When the Chips Are Down, Congress Should Support the Semiconductor Industry

The US has been forced to deal with a global semiconductor shortage for the past two years that has impacted the daily lives of almost all Americans. The experience has given us an opportunity to reflect on the wonders that make our nation’s technological, economic and military leadership possible. The computer chip industry is one of them. We discussed this with our fellow CEOs Geoff Martha at Medtronic and Jim Taiclet at Lockheed-Martin,

and it is clear to all of us that something must be done to address the shortage of chips, which is vital to our country’s economy and defense. That’s why we urge Congress to act quickly to ensure the US has a reliable supply of domestically produced semiconductors.

The shock in the supply chain caused by the pandemic has exposed a problem that has been growing for years. The US share of world chip manufacturing has declined from 37% in 1990 to 12%. South Korea and Taiwan, in particular, have spent years actively investing in their own chip manufacturing, creating an uneven playing field for US chipmakers that hurts our economy’s global competitiveness.

Take the automotive industry. Due to chip shortages, workers at some manufacturing facilities were idle for weeks. Consumers are also struggling to find new vehicles, including green electric vehicles. Some cars today are equipped with more than 1,000 chips each, a number that will only increase as cars become more electrified, connected and autonomous.

The consumer electronics industry is also facing unprecedented upheavals. As Covid-19 increased demand for laptops, PCs, smartphones and other smart devices, manufacturers struggled to source chips to meet demand. As medical providers turned to online appointments instead of doctor visits, some patients found that webcams were out of stock. As our need for technology in professional and social settings increases, so does the nation’s need for domestic manufacturing capacity to avoid disruption.

Less visible, but no less important, is the strain that chip shortages are placing on our healthcare system. During the pandemic, the lack of chip-dependent ventilators exposed weaknesses in our ability to keep Americans healthy. But the need for chips extends to other technologies that patients rely on, including pacemakers, blood pressure monitors, insulin pumps and defibrillators. If we fail to provide reliable access to semiconductors, we will be less able to provide modern medicines to our most vulnerable populations.

Semiconductors are also vital to national defense. In its 2020 Industrial Capabilities Report to Congress, the Department of Defense highlighted the risks posed by our increasing reliance on foreign technology such as advanced machine tools, photonic and optical systems, and advanced displays. The report also mentioned the risk of concentrated semiconductor development and manufacturing in some East Asian countries.

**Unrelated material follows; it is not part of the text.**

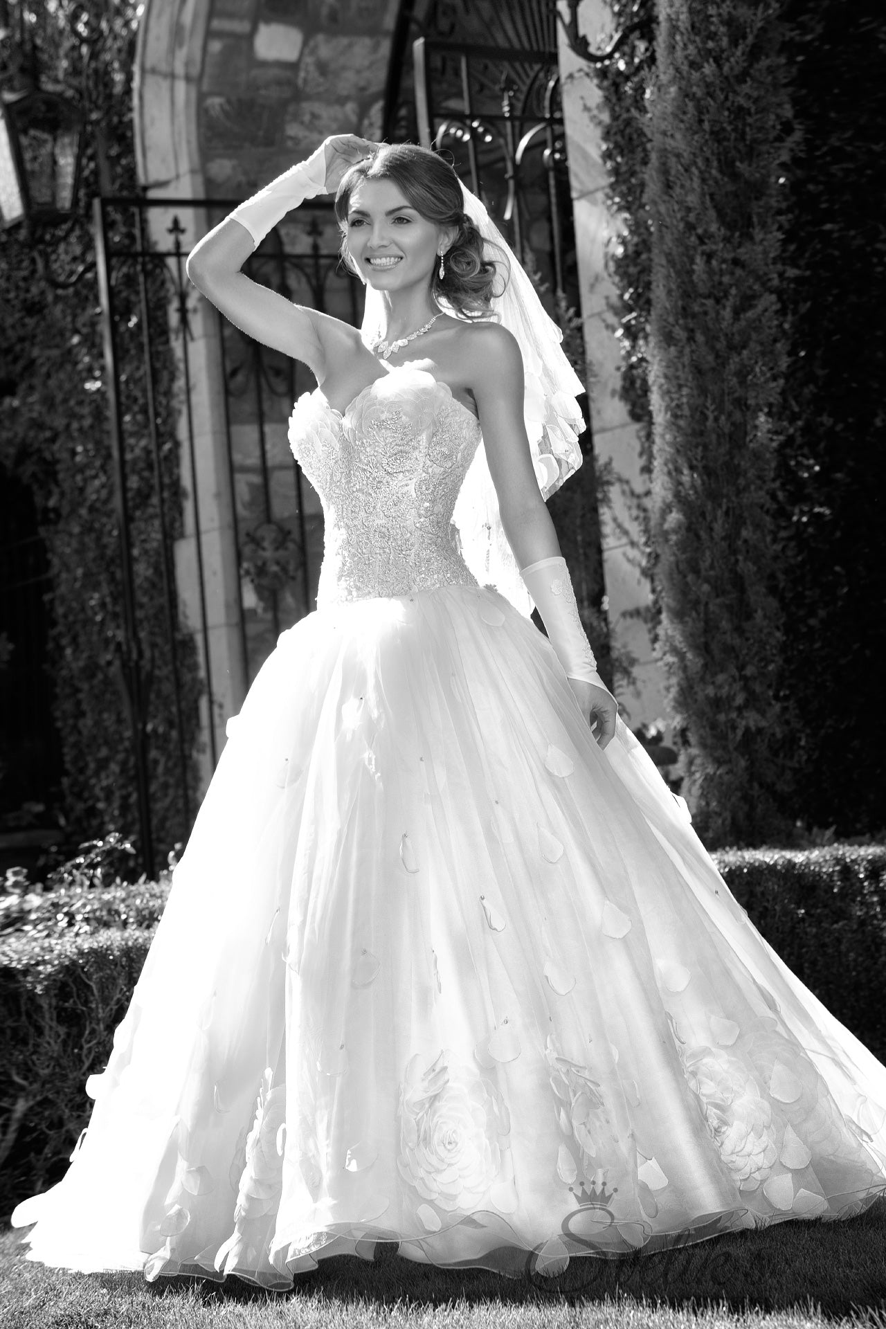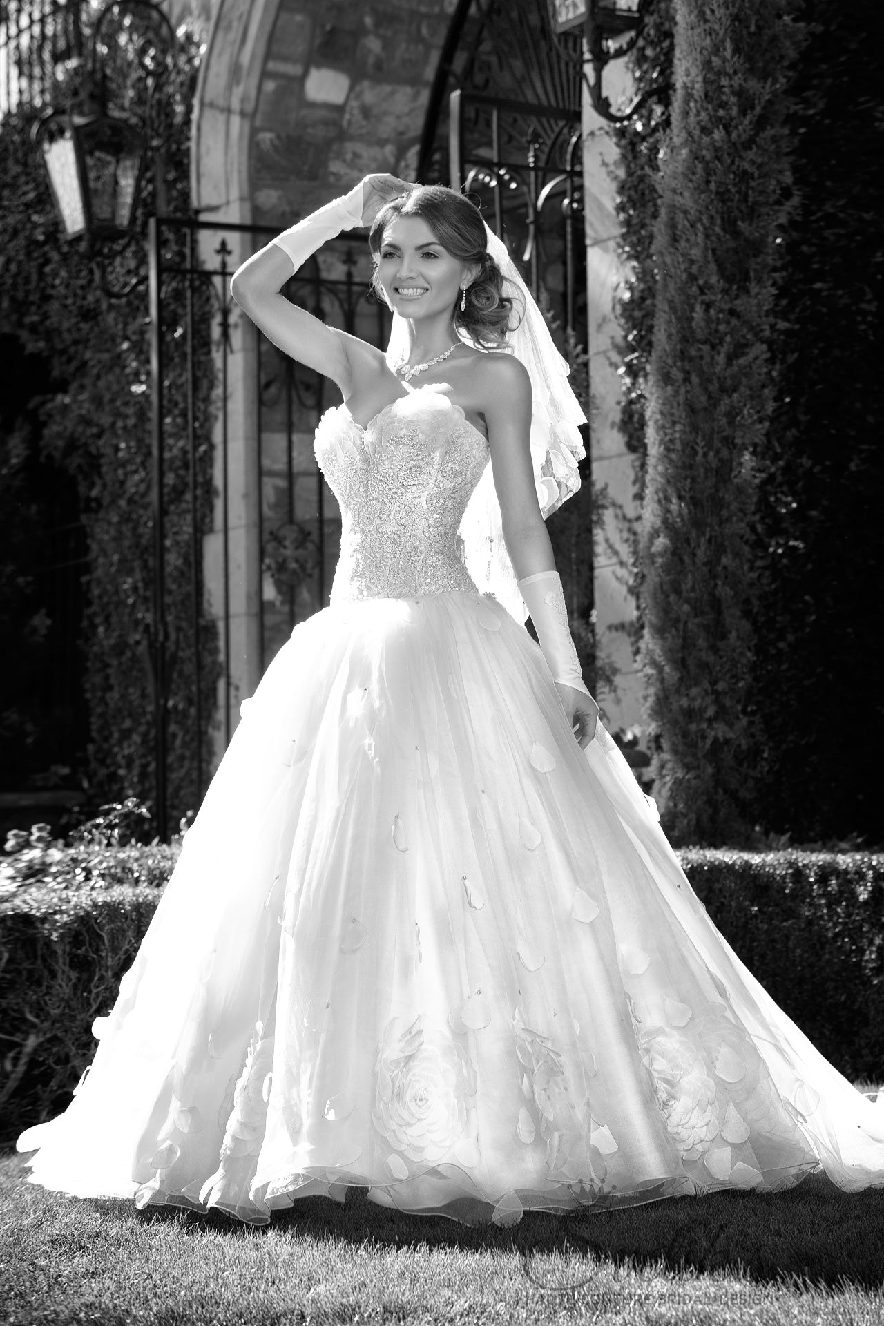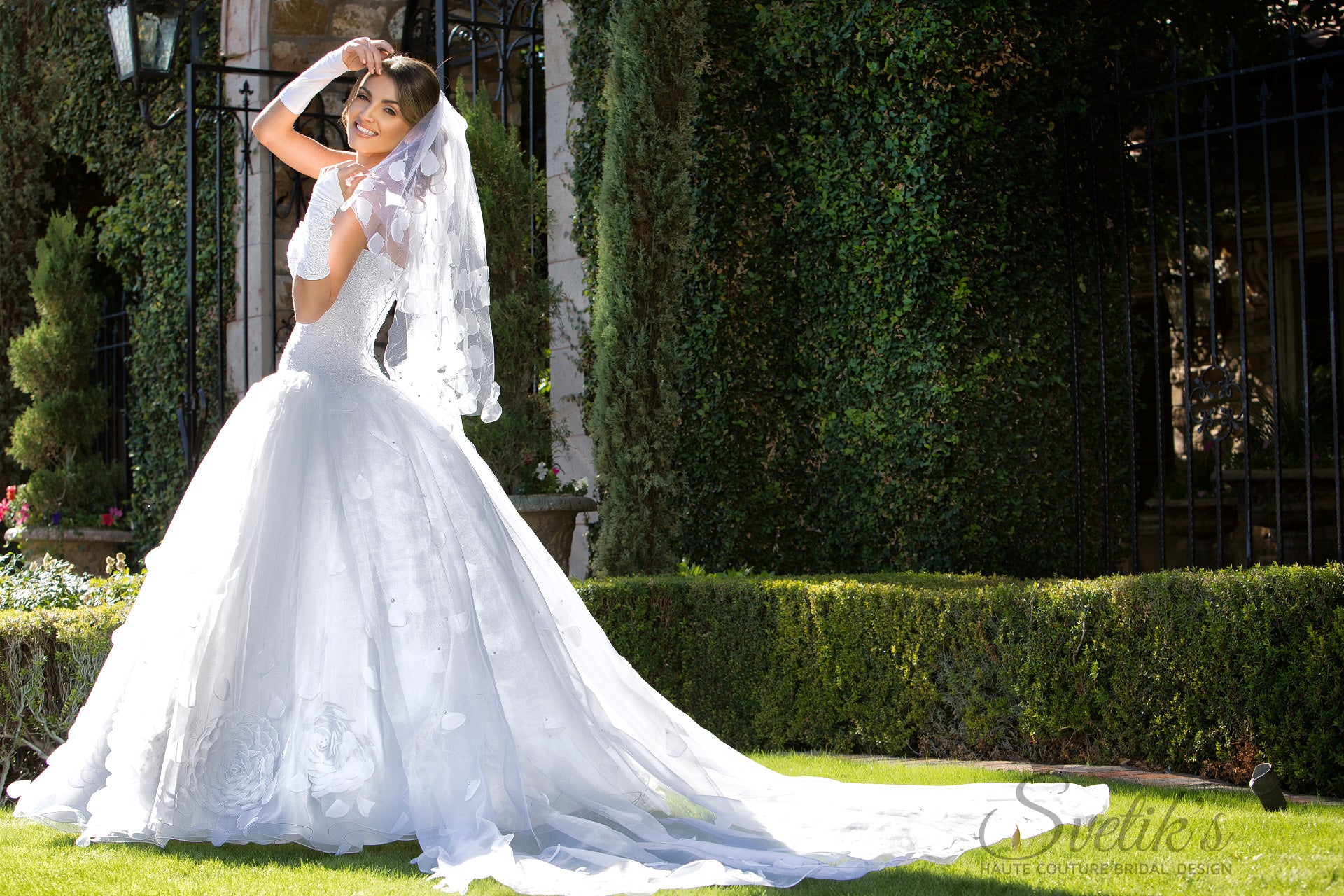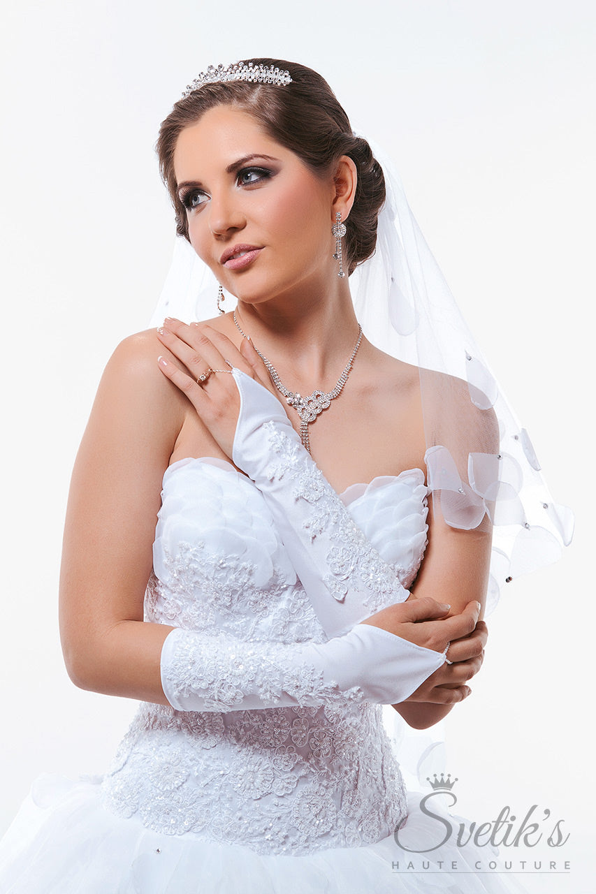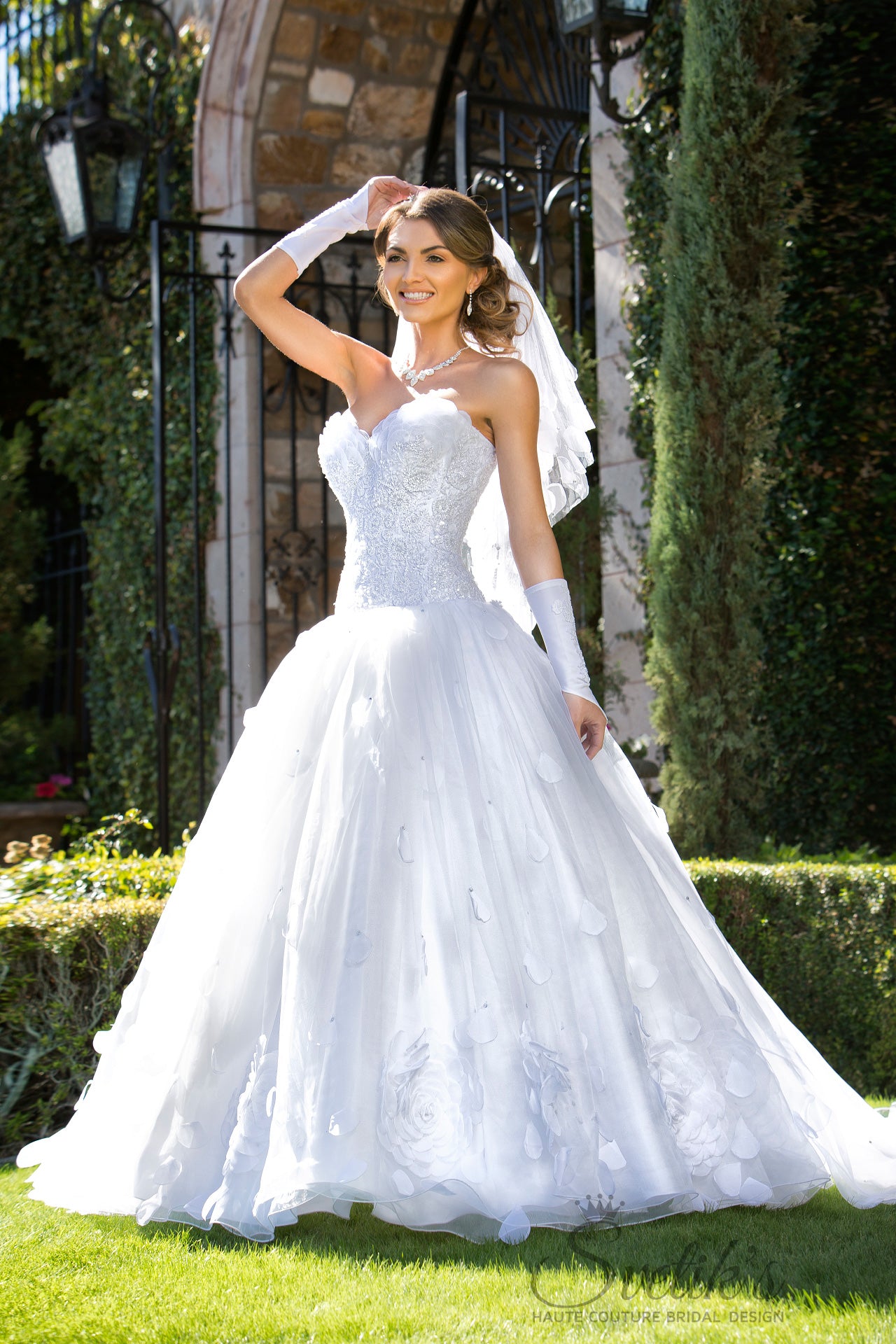 Matching embroidered gloves and a stunning hand-crafted veil with silk petal embellishment add the final touches to this enchanting work of art, the Edelweiss gown.

The global shortage of chips not only endangers our access to essential technology. There is also a risk that Americans’ wages will be eaten up in the form of shorter hours and higher consumer prices.

Fortunately, a solution is within reach. As early as this week, the Senate will vote on funding the Chips Act, which would provide $52.2 billion in grants to the US semiconductor industry. In addition to increasing production of top-of-the-line and legacy chips, the law would help level the playing field with global competitors. Without intervention, the shortage of chips – including legacy chips widely used in the automotive, medical device and defense industries – is expected to remain in US booths as investment. This legislation is critical to many American industries, including ours, which have faced significant disruption.

Along with Messrs. Martha and Taiclet, we urge lawmakers on both sides of the aisle to act quickly to address this crisis. By funding the Chips Act, Congress will help consumers, protect patients, and strengthen America’s economy and national security.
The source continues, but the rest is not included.